Metadata-Version: 2.4
Name: utilsds-models
Version: 0.0.5
Summary: Solution for specific models
Author-email: DS Team <ds@sts.pl>
License: MIT License
Classifier: Programming Language :: Python :: 3
Classifier: License :: OSI Approved :: MIT License
Classifier: Operating System :: OS Independent
Requires-Python: >=3.12
Description-Content-Type: text/markdown
Requires-Dist: pandas>=2.2.2
Requires-Dist: numpy>=1.26.0
Requires-Dist: scikit-learn>=1.5.0
Requires-Dist: matplotlib>=3.9.0
Provides-Extra: dev
Requires-Dist: pre-commit>=3.5.0; extra == "dev"

# utilsds-models

A library of classes and functions used in DS Team modeling projects.
It extends the [utilsds](https://pypi.org/project/utilsds/) package with components specific to selected models
(data processing, NGR metrics, EVIP metrics, and a custom LightGBM objective).

Requires Python >= 3.12.

## Installation

```bash
uv sync
source .venv/bin/activate
```

Or from PyPI (after publication):

```bash
pip install utilsds-models
```

## Modules

### `data_processing`

Scikit-learn-compatible classes and helper functions for combining test results.

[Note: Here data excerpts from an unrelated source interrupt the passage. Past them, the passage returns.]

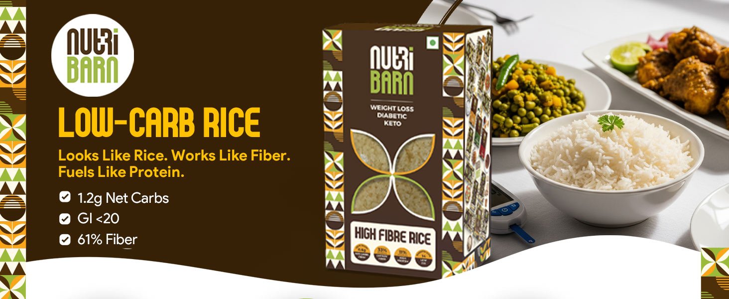 - PERFECT FOR DIABETICS & KETO : Nutribarn High Fibre Rice has just 6.6g Carbs and does not affect blood sugar and insulin levels. This makes it an ideal Rice replacement for diabetics and those following KETO, LOW-CARB & LOW-CALORIE DIETS.
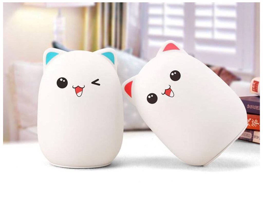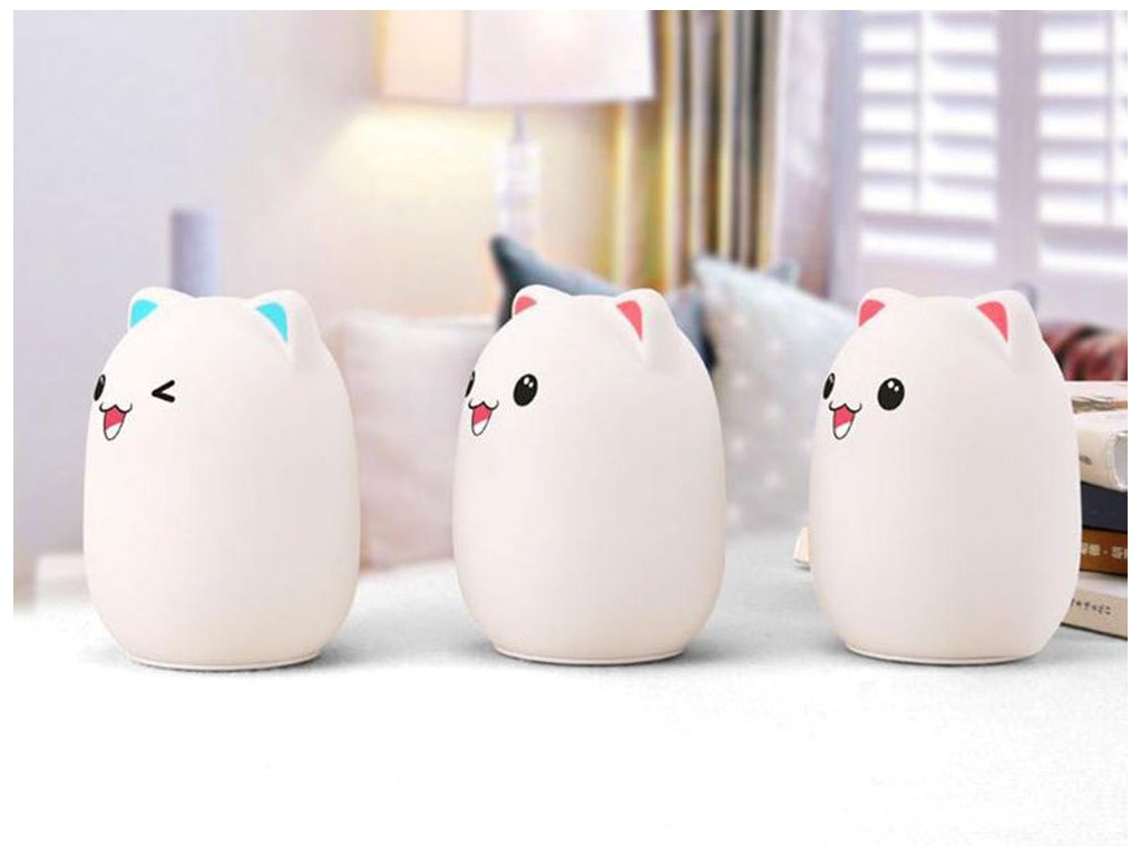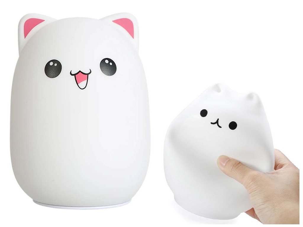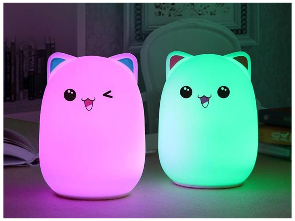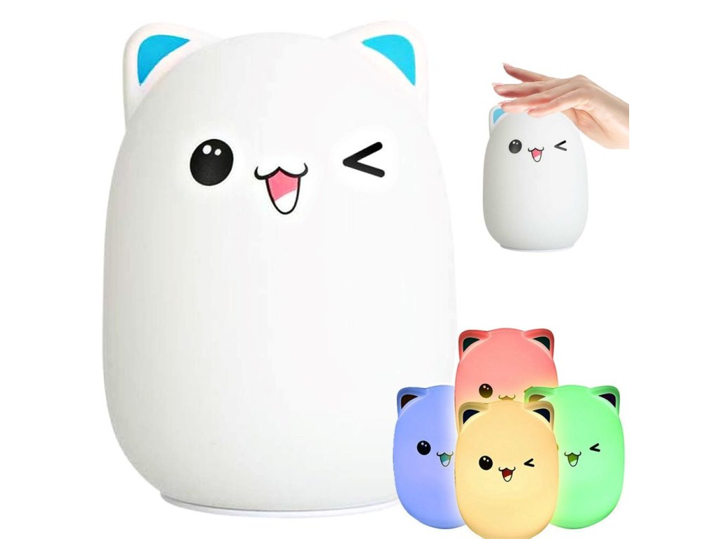 LED noční světlo pro děti, RGB lampa dotyková, na baterie - kočička
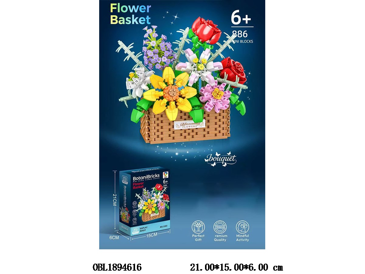 Home > Common Building Blocks > Puzzle building block micro particle flower basket 886PCS

- **`ColumnCopyImputer`**: fills missing values by copying from other columns.
- **`NullImputerWithFlags`**: imputes nulls with optional flags (`_isnull_flag`) and strategies `mean`, `median`, `mode`.
- **`MaxMultiplierImputer`**: imputes using `max * multiplier` from training data, with optional flags.
- **`SportsHybridEncoder`**: encodes sports as binary features for the top N disciplines plus aggregations for the rest.
- **`LabelEncoderTransformer`**: label encoding for categorical columns (e.g. for LightGBM).
- **`DerivedFeatureCreator`**: creates derived features (e.g. division by 7 or 30).
- **`combine_test_data`**: combines test features, target, predictions, and metadata into a single DataFrame.

### `custom_metrics`

Evaluation metrics with time-based weights (`days_since_ftd`) and a custom LightGBM objective.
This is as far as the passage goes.